Как приятно было с ней разговаривать. Славно было слышать ее слова, исполненные здравого смысла. Революции могли приходить и уходить, слухи и сплетни могли носиться по округе; общественное устройство – чему мы были свидетелями – могло рушиться, а матушка всегда оставалась самой собой. Она не была революционеркой, в то же время не отличалась особым упрямством, она только сохраняла свой благословенный здравый смысл. Она стояла возле колыбели, слегка покачивая ее, как делала это в давно прошедшие времена для каждого из нас, и вдруг сказала:
– Интересно, есть ли у твоего брата такой же малыш?
Она имела в виду Робера, и по выражению ее лица я поняла, как она о нем тоскует.
– Думаю, что теперь уже есть, – ответила я. – В прошлом своем письме он писал, что они ждут ребенка.

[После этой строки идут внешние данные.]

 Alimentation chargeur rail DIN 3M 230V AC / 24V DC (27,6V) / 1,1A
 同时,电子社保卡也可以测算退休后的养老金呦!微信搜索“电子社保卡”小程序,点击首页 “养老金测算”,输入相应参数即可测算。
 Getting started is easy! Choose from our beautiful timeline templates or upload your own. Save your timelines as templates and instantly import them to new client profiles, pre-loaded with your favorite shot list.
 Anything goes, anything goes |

– Я ничего от него не получаю, – сказала матушка. – Вот уже десять месяцев прошло, и ни одного письма. Жак уже больше не спрашивает об отце. Как это странно, верно? Ведь если у Жака появится маленький брат или сестрица там, в Лондоне, он или она будут уроженцами Англии. Какой-нибудь маленький кокни, который ничего не будет знать о собственной стране.

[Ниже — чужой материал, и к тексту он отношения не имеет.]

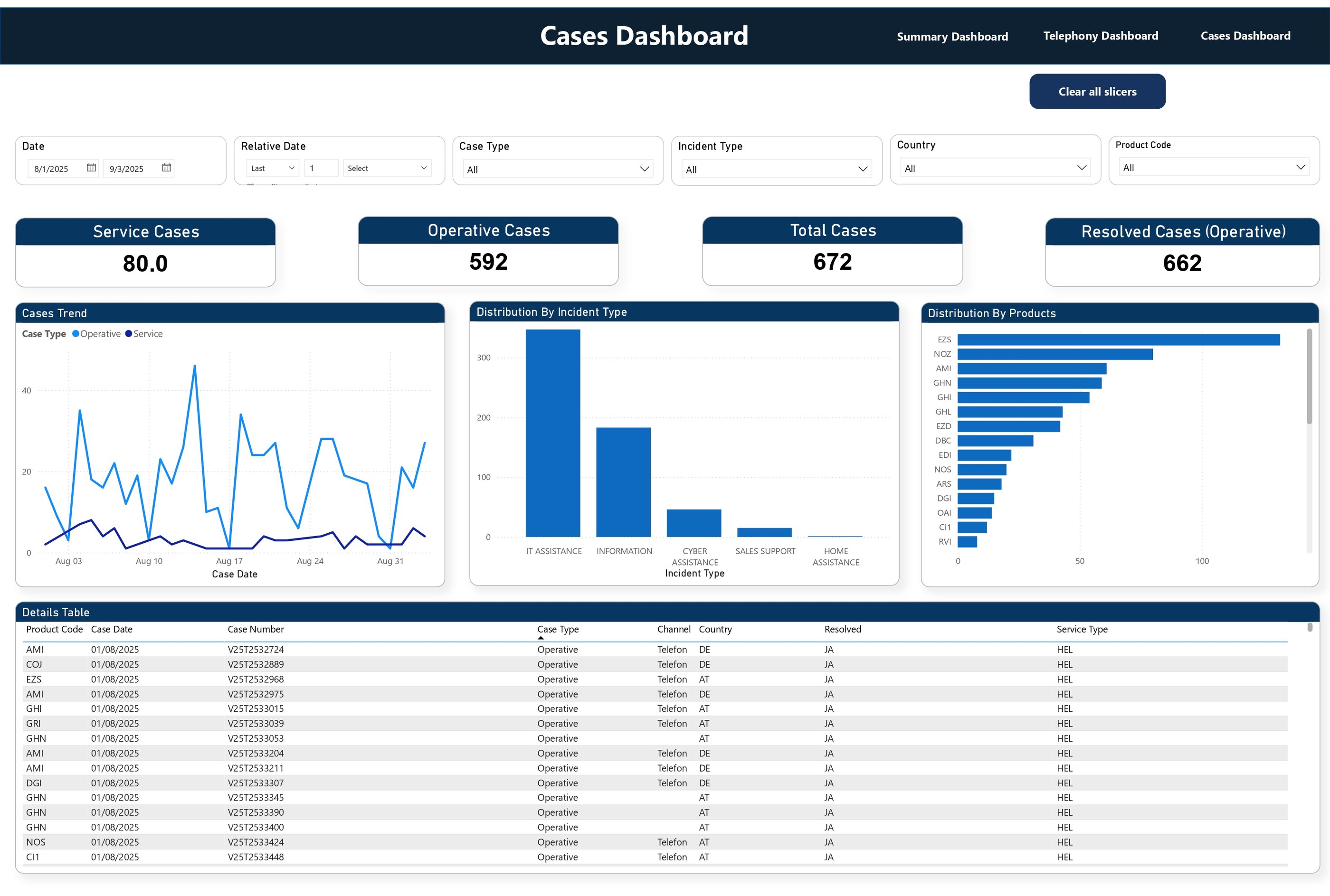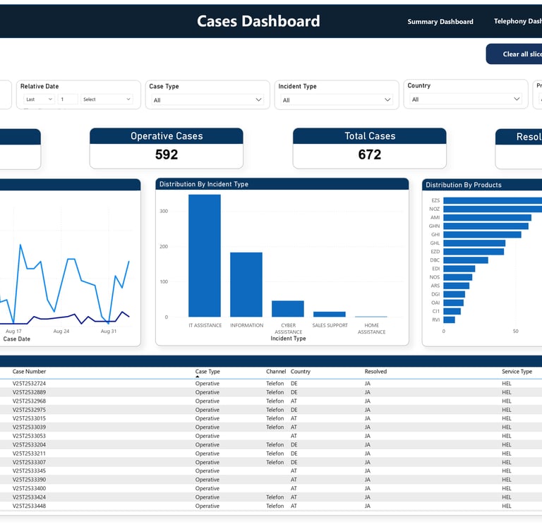 The Cases Dashboard delivers detailed insights into case lifecycle management, focusing on operative and service cases across products, incident types, countries, and channels. It tracks total cases, resolved cases, and case distribution by incident type and product, allowing teams to identify recurring issues and high-impact service categories. Case trend analysis highlights workload patterns over time, while detailed tables provide full traceability at the individual case level. This dashboard supports data-driven decision-making for service improvement initiatives, root-cause analysis, and operational optimization within Europ Assistance’s service delivery model

Она наклонилась над моей крошкой, сотворив над ней крестное знамение, и пошла вниз в кухню, пробормотав что-то относительно обеда для мужчин, которые должны вернуться домой со смены. Она ушла, оставив за собой неясные тени, витавшие в комнате, и мне внезапно показалось, что у меня что-то отняли. Все, что мы пережили за последние два года, показалось мне бессмысленным, и меня, неизвестно почему, охватили уныние и чувство потерянности.
Когда она снова уехала в свой Сен-Кристоф вместе с Жаком, было такое впечатление, что вместе с ней нас покинули здравый смысл и покой. Франсуа и Мишель стояли посреди заводского двора, бессильно опустив руки, и всем нам троим казалось, что день для нас померк. В течение своего короткого визита матушка сумела, не дав никому этого почувствовать, вернуть свою былую власть. Мои мужчины являлись к столу, приведя себя в порядок и приодевшись; мадам Верделе каждый день скребла и мыла кухню, а рабочие, когда матушка к ним обращалась, сдергивали шапки и стояли вытянувшись – и все это не из страха, а повинуясь внутреннему чувству. На всем заводе не было ни одного человека, который не испытывал бы к ней уважения.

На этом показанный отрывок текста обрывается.